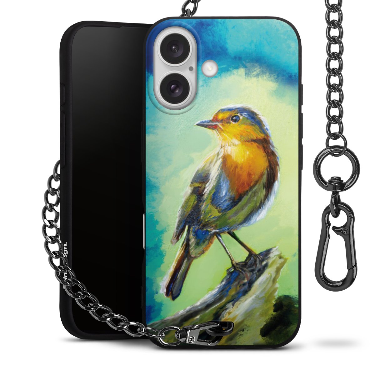 • Mattschwarze Handyhülle mit Metallkette
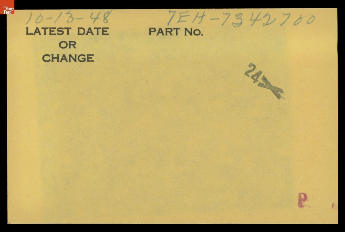 The Ford Motor Company created over a million parts drawings from 1903 to 1957. Many of these drawings specify engineering requirements for the components of Ford-made vehicles--including automobiles, trucks, tractors, military vehicles and Tri-motor airplanes. Others document assembly components, stages of casting and forging, or experimental designs. Beginning in the 1940s, Ford transferred the drawings to microfilm.
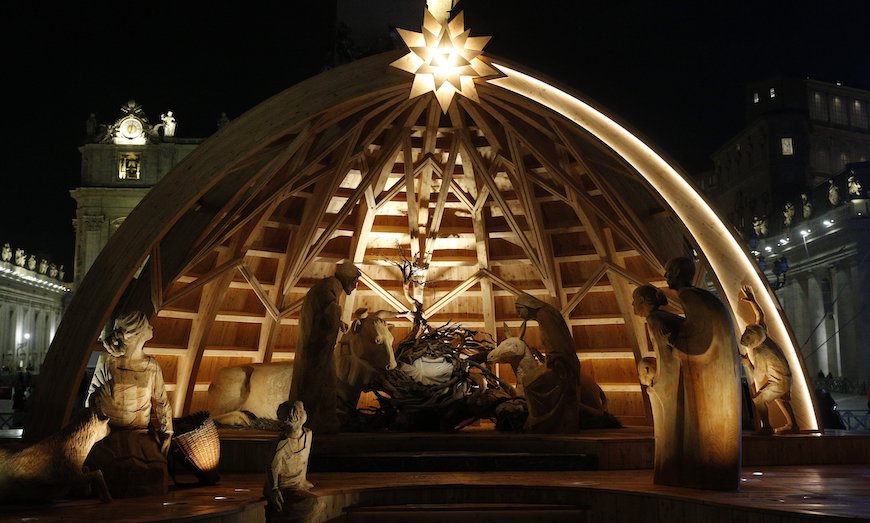 Зул сарын гацуурын салшгүй нэг хэсэг болох Исүс Христийн мэндэлж буй дүрсэлсэн тайзыг Италийн Фриули-Венециа Джулиа мужийн гар урчууд бүтээсэн байна. Энэхүү бүтээл нь 18 баримлаас бүтжээ. Бяцхан Исүсийн баримлыг уламжлал ёсоор Зул сарын битүүний шөнө байрлуулна. Нийт 16.8 тонн жинтэй тайз, гацуурын хамт 116 кв м талбайг эзэлж байгаа бөгөөд 50 цэгээс гэрэлтүүлж байгаа аж.
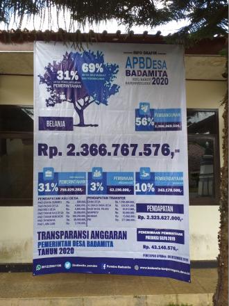 Kepala Desa Badamita Rahmatulloh, mengatakan bahwa papan transparansi tersebut di pasang sebagai wujud keterbukaan Pemerintah Desa kepada masyarakat dalam pengelolaan anggaran secara transparan dan terbuka.
-=-=-
• [TASK REQUIREMENTS] Exact copy, pictures removed: set down the whole listing above.

• [EXERCISE OUTPUT]
 • Mattschwarze Handyhülle mit Metallkette
 The Ford Motor Company created over a million parts drawings from 1903 to 1957. Many of these drawings specify engineering requirements for the components of Ford-made vehicles--including automobiles, trucks, tractors, military vehicles and Tri-motor airplanes. Others document assembly components, stages of casting and forging, or experimental designs. Beginning in the 1940s, Ford transferred the drawings to microfilm.
 Зул сарын гацуурын салшгүй нэг хэсэг болох Исүс Христийн мэндэлж буй дүрсэлсэн тайзыг Италийн Фриули-Венециа Джулиа мужийн гар урчууд бүтээсэн байна. Энэхүү бүтээл нь 18 баримлаас бүтжээ. Бяцхан Исүсийн баримлыг уламжлал ёсоор Зул сарын битүүний шөнө байрлуулна. Нийт 16.8 тонн жинтэй тайз, гацуурын хамт 116 кв м талбайг эзэлж байгаа бөгөөд 50 цэгээс гэрэлтүүлж байгаа аж.
 Kepala Desa Badamita Rahmatulloh, mengatakan bahwa papan transparansi tersebut di pasang sebagai wujud keterbukaan Pemerintah Desa kepada masyarakat dalam pengelolaan anggaran secara transparan dan terbuka.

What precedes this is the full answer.